Best Practice to backup a remote Linux machine from Windows?

vbs · June 5, 2024, 7:42pm

Hi everyone,

I am running Duplicati on a Windows host and I also want to backup data from 2 Linux machines. To keep everything centralized and to run only one instance of Duplicati, I have written a pre-script for Duplicati on the Windows machine that logs in via SSH to those two Linux machines, creates a gzip tarball of all the data to backup there and copies it over to the Windows machine. Then, those two copied tarballs are part of the regular Duplicati backup.

While I am quite happy with that approach, I realized that it might possibly mess up the chance of Duplicati to efficiently reuse blocks in the source data for consecutive backup snapshots, which might result in a larger storage size in the backend.
I am afraid that even small changes in the source data on the Linux machines might lead to binary wise very different tarballs created on the Linux machines. And when the tarballs are different, Duplicati might have problems to find common binary blocks and the opportunities to reuse data will be missed.

So, the question is: is this concern justified?

And if yes, what would be a better approach? I thought about extracting the tarballs on the Windows machine so Duplicati is actually seeing the raw source files, so it will be easier to find reusable blocks in them that did not change compared to the last snapshot.
But the problem is that I would lose Linux file permissions information by extracting the tarball to the Windows NTFS file system, which is not acceptable.

Another idea would be to ditch the approach to have Duplicati only once but to also install it directly on those two Linux machines, so I would end up running 3 Duplicati instances, one one each machine. It would mean every instance would have direct access to the source files (no tarblls involved).
Does not sound to stupid either, right?

So, what is your opinion on this? Thanks guys!

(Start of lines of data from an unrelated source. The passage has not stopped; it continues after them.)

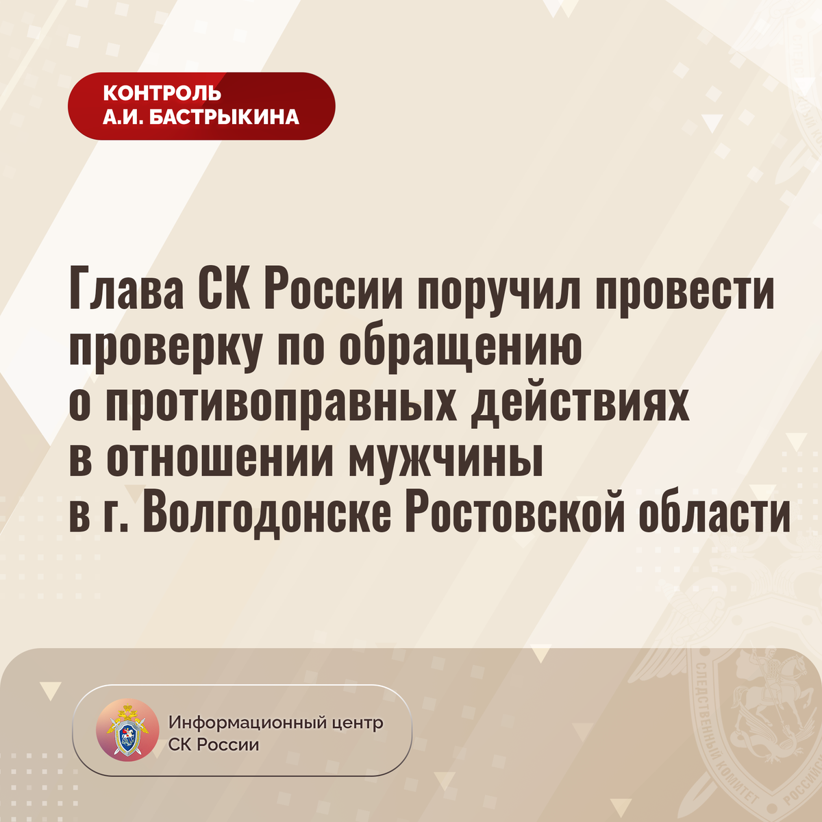 Глава СК России поручил провести проверку по обращению о противоправных действиях в отношении мужчины в г. Волгодонске Ростовской области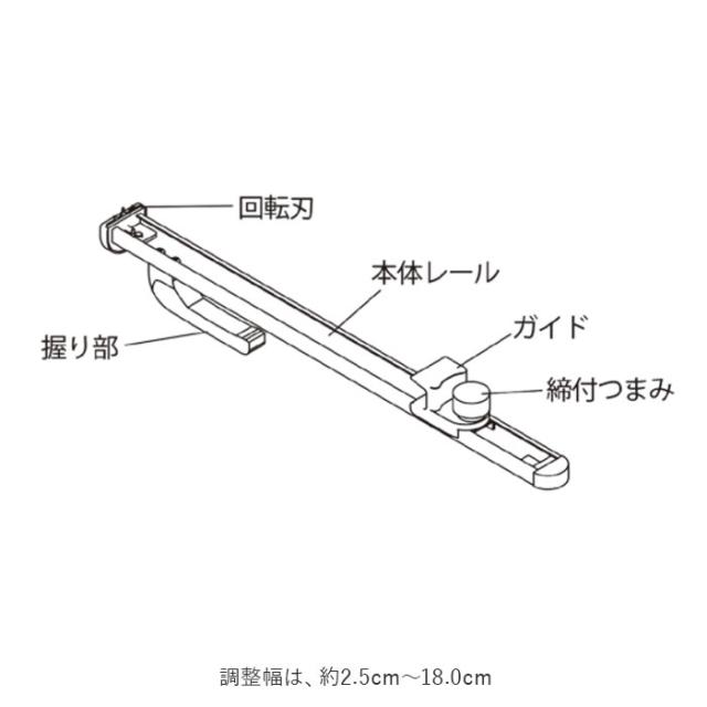 | 使用方法 | つまみを弛めた状態で、回転刃を段ボールの内側の折り目につけたい高さに合わせます。段ボールのふちにガイドを合わせてつまみを締めこみ固定します。段ボールのふちにガイドを沿わせながら、回転刃を横方向に動かしてミシン目をつけます。段ボールの四隅に、カッターナイフ等を使い、ミシン目を付けた高さまで切り込みを入れれば完成です。 |
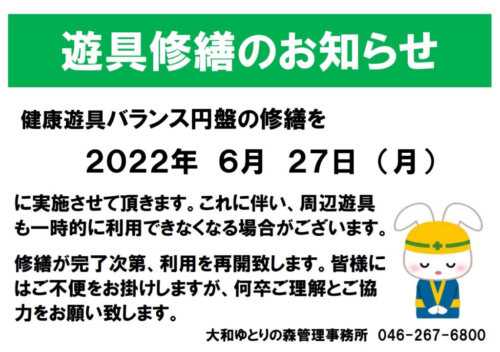 現在、破損の為利用を中止とさせて頂いております健康遊具バランス円盤の修繕を、下記の日程にて実施致します。雨天の場合、6月29日(水)となります。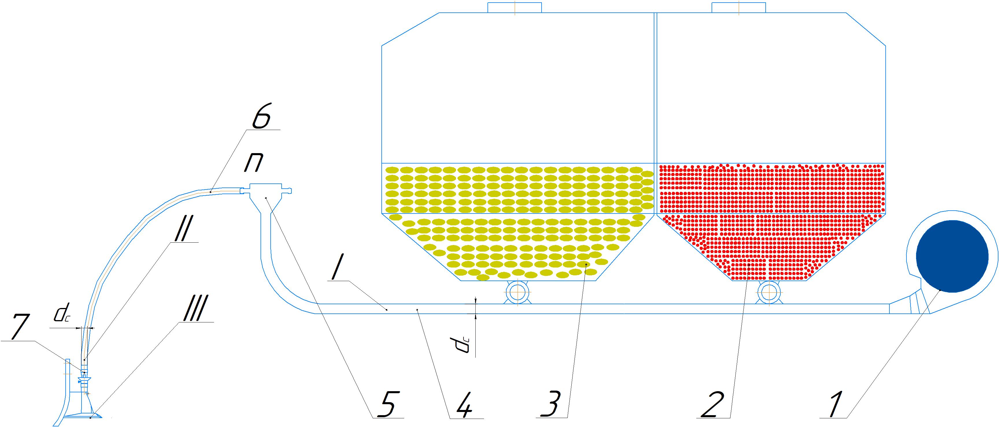 где vg – скорость воздушного потока в вертикальных трубах, м/с; vвит – средняя скорость витания гранул удобрений, м/с; kз = 1,2…1,5 – коэффициент запаса.

Jojo-1000 · June 6, 2024, 8:29pm

If you are not completely focused on the maximum storage efficiency, I would recommend separate instances with different destination folders for each machine. The restore process can be quite slow and bigger backups are slower, so if you need something it will be faster to recover.

Your current approach depends on how much the data changes, but I think that it will probably use more space than having duplicated destinations in the long run. The tar files are not aligned with the duplicati block size, so adding one bytes to an early file in the archive probably means that all the data afterwards needs to be backed up again. There is no attempt to find duplicated data shifted by less than the block size. Edit: With compression, the data will change completely for any change at all.

Alternatively, you could use a network drive in Windows to access the files, but that will probably mess up the permissions (I am not sure how well this works).